Владимир Семенович, я и гитара.
Пять песен, семь нот, чай крутого отвара.
Пять песен, семь нот и бескрайняя ночь…
И голос в ночи, с хрипотцою, точь-в-точь…
Его, а не мой… Так звучащий надрывно,
Я слушать готов хоть всю ночь непрерывно!

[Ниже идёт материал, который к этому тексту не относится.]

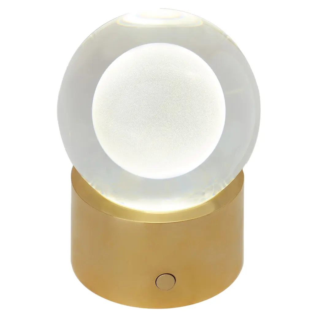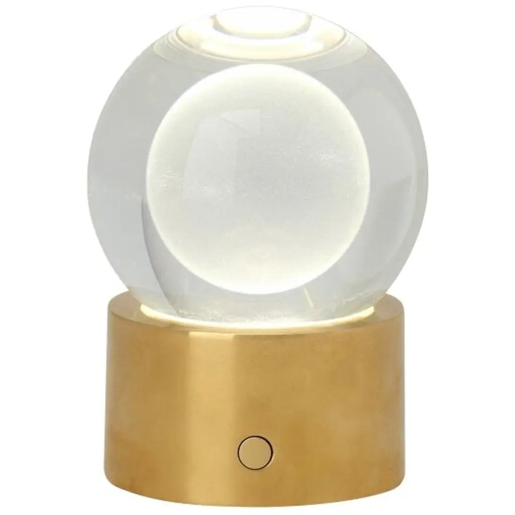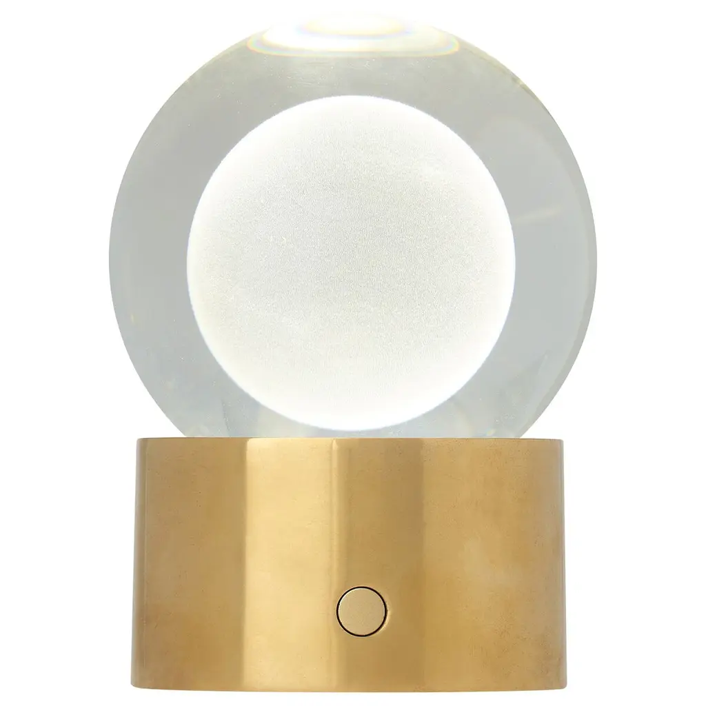 The Mina Rechargeable Table Lamp by Sean Lavin features an elegant sphere of pure optic crystal elegantly resting on a metal base. This beautiful orb is laser-etched and further illuminated by a powerful firing hidden LED, making this a glowing work of art when illuminated and modern decor when unilluminated. Available in modern finishes. It is designed with an integrated 3-step touch dimmer conveniently designed to achieve your desired ambiance. A USB C to C cable allows Mina to recharge within 5 hours with a maximum battery life fully is 12-14 hours. Wall charger included. Complete the look with coordinating Mina Wall Sconce and Line-Voltage Pendants.
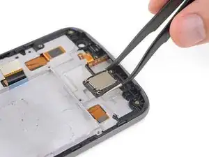 Динамик разговора фиксируется сильным клеем. При необходимости приложите тепло или несколько капель изопропилового спирта, чтобы ослабить клей и облегчить снятие.

Семь нот на гитаре, пять песен в ночи.
Владимир Семенович, пой, не молчи!
Я слышу тебя? Или сам и пою,
С надрывом…
И  сам себя не узнаю!

Пять песен, семь нот и бескрайняя ночь…
Твой голос, Владимир, нам сможет помочь
Поверить в удачу. А песня в надрыв
Разгонит циклон, что Курилы накрыв,
Нас держит в порту, не пускает в путину.
Владимир Семенович, эту б картину
На ноты и тексты твои положить!..
Кто смог бы тогда век спокойно прожить
Без зимних красот горизонта во льдах,
И люди бы жили, не ведая страх…
Ведь в песнях твоих честный жизни рассказ.

– Прислушайтесь,
точно,
он здесь,
среди нас!

Быть может, отвар слишком крут и горчит.
А может, его это голос звучит?

Семь нот на гитаре, пять песен в ночи.
Владимир Семенович, пой, не молчи!
Я слышу тебя? Или сам и пою,
С надрывом…
И  сам себя не узнаю!

–  Твой голос Хоккайдо услышал уже!
Высоцкий живет в каждой русской душе!
Будь ты хоть студент, диссидент иль узбек –
Пропитаны души Высоцким навек!

Наш остров Высоцкий, над морем скалой,
В Курильской гряде всегда рядом со мной!

Оживился тесный кубрик,
скрип по койкам, рундукам.
И гитара вновь по кругу,
побежала  по рукам.

Есть на каждой эМэРТэшке,
Словно смазка на движке,
Тот, кто дарит всем усмешки,
Но не в тягость –
налегке.
Точка пятая в ракушках,
Грудь в медалях, орденах:
– Стынет чай в чугунных кружках,
Как шуга на якорях!

У рассказчика такого,
что ни слово – анекдот,
Что ни взгляд, то выстрел в тему,
что ни песня, то про флот!
А и как же быть иначе?
Без такого циркача
Жизнь – путина без удачи,
И уха не горяча!

Дали слово балагуру,
Разминаем мышцы скул,
Ждём рассказ сансэя, гуру.
Он нам – басню про акул!
Мол, на север приплутали,
По течению в тепле.
А потом позамерзали:

– Острова то, брат,  не те!

Вроде, так себе легенда,
Вроде, так себе рассказ.
Но, что слово – лидер тренда!
Посмешил на славу нас.

Вот и молодой механик грусть-печаль оставил мять,
Под гитару, песни, шутки завалился тихо спать.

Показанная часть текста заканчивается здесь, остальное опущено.